Конечно же, создать в СССР общество сверхлюдей не удалось. Был лишь явный и мощный градиент движения к этому идеалу – но даже он значил весьма многое, буквально за считанные годы радикально меняя людей. Однако в сфере межнациональных отношений сверхчеловечность в СССР вполне состоялась, поскольку в стране был реально преодолен национализм. Для общества, намеревавшегося волей своих членов изменять мир, категории, подобные этничности, становились ничтожными и неразличимыми. Советский интернационализм, сформированный и укоренённый за считанные годы, был подлинным и непридуманным. Между прочим, если бы германский рейх также опирался на интернациональную идею – хотя бы в рамках европейской общности наций – он был, скорее всего, непобедим.
Также в СССР не удалось сформировать и законченной теории Нового человека – советского сверхчеловека. Сначала официальная марксистская доктрина крайне настороженно относилась к «религиозным экивокам» дореволюционной русской философии (достаточно вспомнить разгром Лениным идей «богостроительства» марксистов Луначарского и Базарова-Руднева, в которых содержалась искренняя попытка найти основу бытия в результатах человеческого творчества).

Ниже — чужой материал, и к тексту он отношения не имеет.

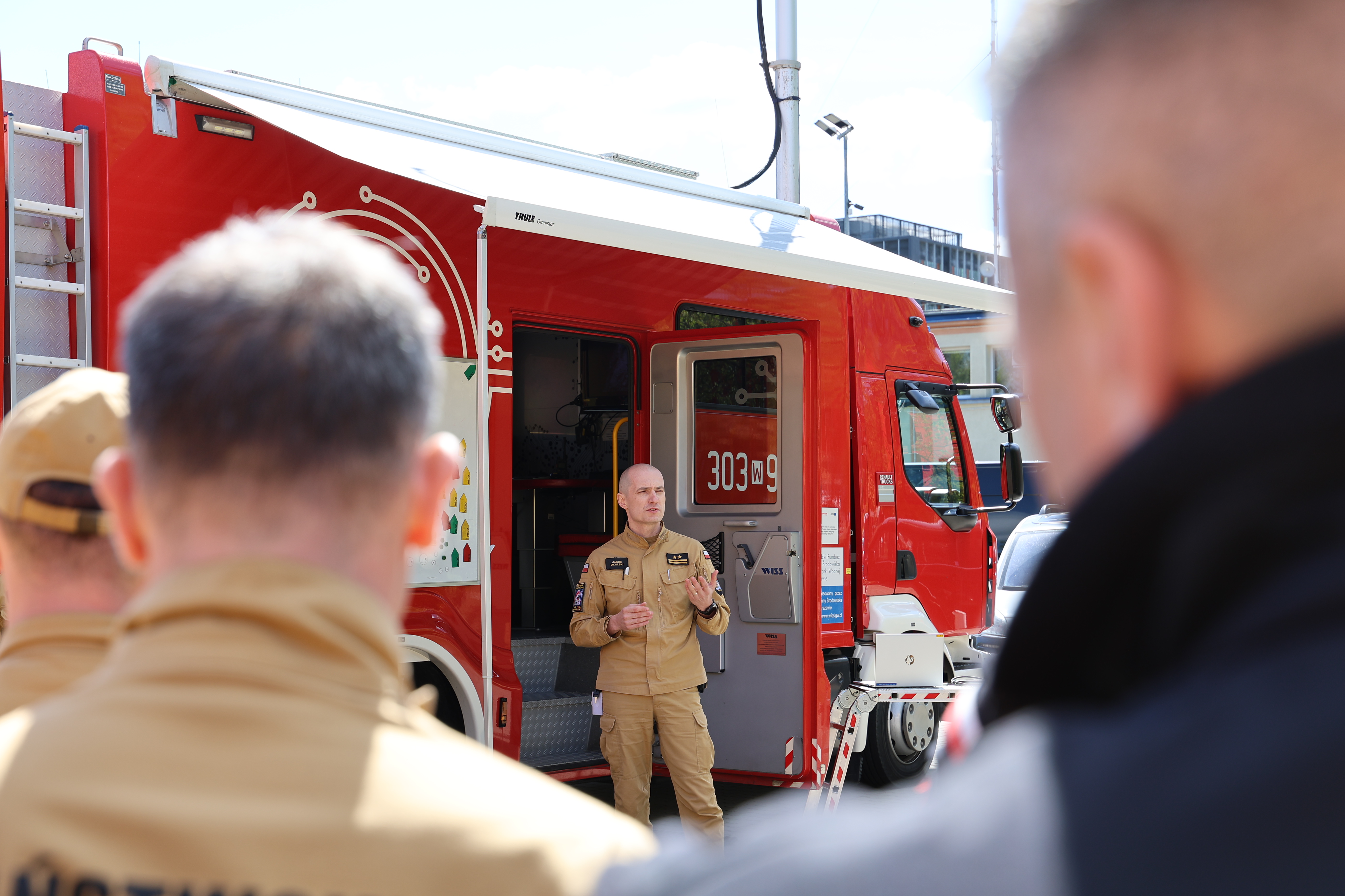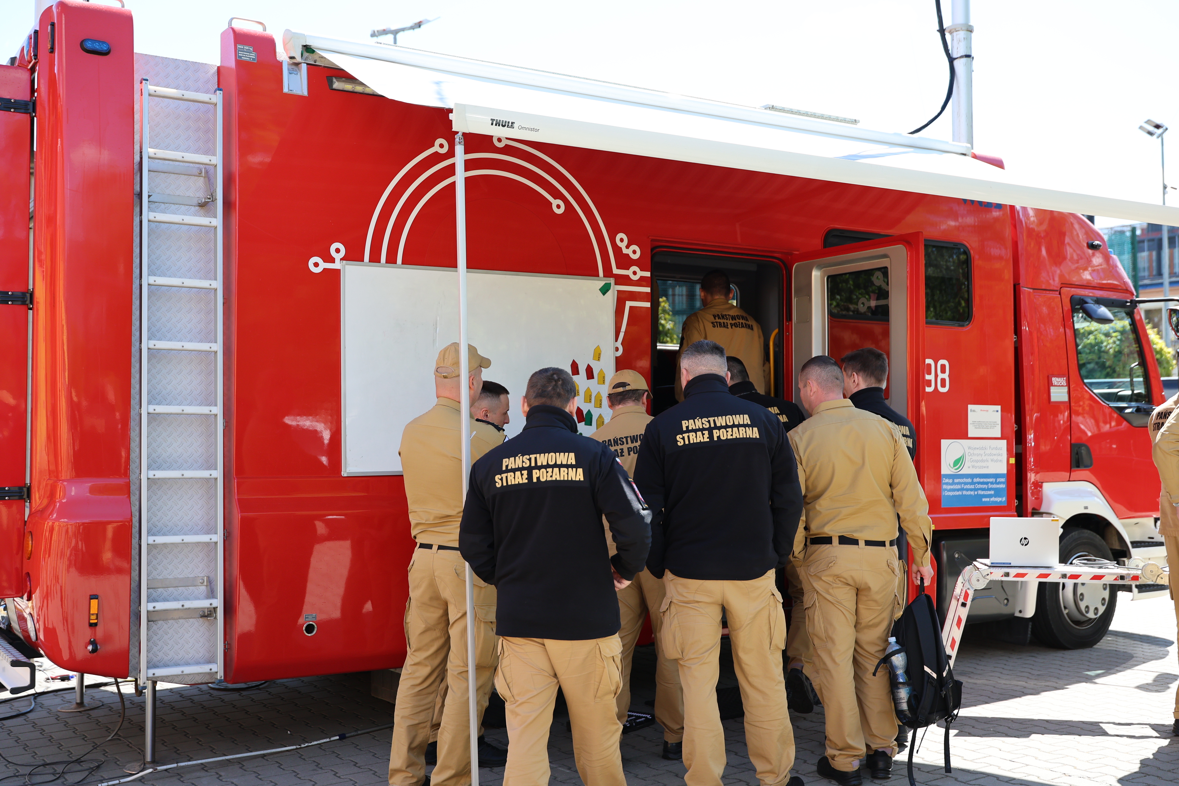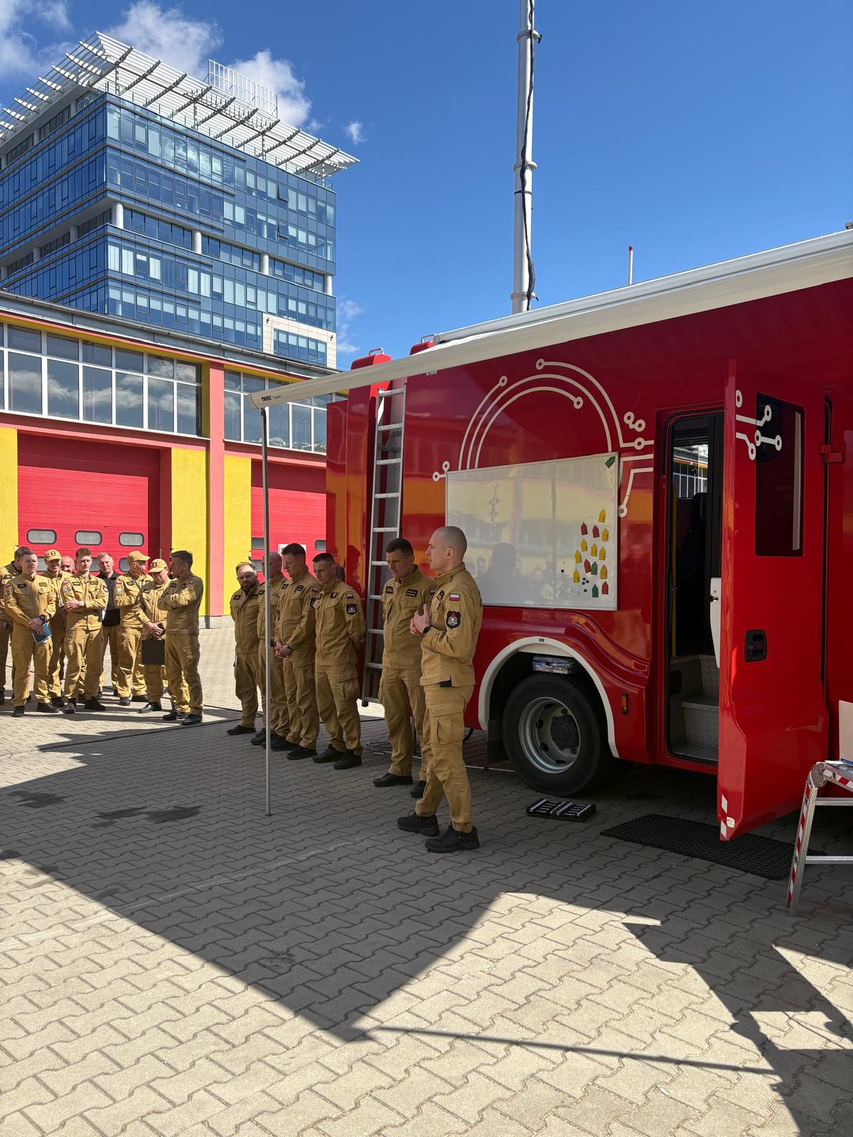 Omówiono również potencjał do budowy sztabu i organizacji łączności w oparciu o Batalionowy Samochód Dowodzenia i Łączności z JRG 3 KM PSP m.st. Warszawy.

А по вполне понятным причинам с конца 1920-х годов «сверхчеловечность» терминологически начала считаться в СССР проявлением фашисткой идеологии.
Однако к тому времени начала трагически эволюционировать и меняться западная идея сверхчеловека. Как мы помним, в ней не содержалось идеи человеческого преображения: европейский сверхчеловек, преодолевая волей сопротивление косных природных сил, а также самого себя в процессе безжалостного дарвиновского отбора (помните знаменитое «Падающего подтолкни!»), должен был лишь воссоздать свою подлинную, исходную и неискаженную природную сущность. Отсюда европейский сверхчеловек, закончив решать проблемы с природой и обществом, должен был попросту стать хозяином последних. Но в «непреображённом» мире, где миллионы людей вынуждены были продолжать трудиться в шахтах и у станков, «сверхлюди» могли укорениться лишь в вершине социальной пирамиды, нижние ярусы которой отводились для не прошедших естественный отбор «унтерменшей». Достигшая подобного концептуального завершения в гитлеровской Германии, сверхчеловеческая идея стала идеей античеловечности, то есть выродилась.
На смену вырождающейся идеи сверхчеловека в Европе к началу тридцатых годов пришла «философская антропология» М.Шелера и А. Гелена (оба философа, что показательно, были немцами, а Гелен даже вступил в НСДАП – то есть их сознательный уход от «официального» ницшеанства более чем показателен). Основная мысль «философской антропологии» – человек в высшей степени сложен и иерархичен, волевые порывы не способны решить никаких его проблем, заниматься нужно самопознанием (для избранных) и социальной гармонизацией (для остальных). Иными словами, человека надлежало с существующим порочным и несовершенным обществом примирять, благодаря чему общество постепенно тоже должно было меняться к лучшему. «Мещанство!» – воскликните вы. Совершенно верно, на смену технологически невозможному преодолению несовершенной и несправедливой жизни следовал призыв к отказу от «излишних» человеческих претензий, к примирению и сознательному конформизму.
Значительно более достойный и отнюдь не «мещанский» путь к разрешению противоречий между человеком и средой предложил европейский экзистенциализм. Вместо познания человека в координатах мировой иерархии в качестве основной задачи людей было провозглашено познание человеческой сущности, которое предполагало уход от идей рационального преобразования мира в направлении переживания индивидуального иррационального бытия.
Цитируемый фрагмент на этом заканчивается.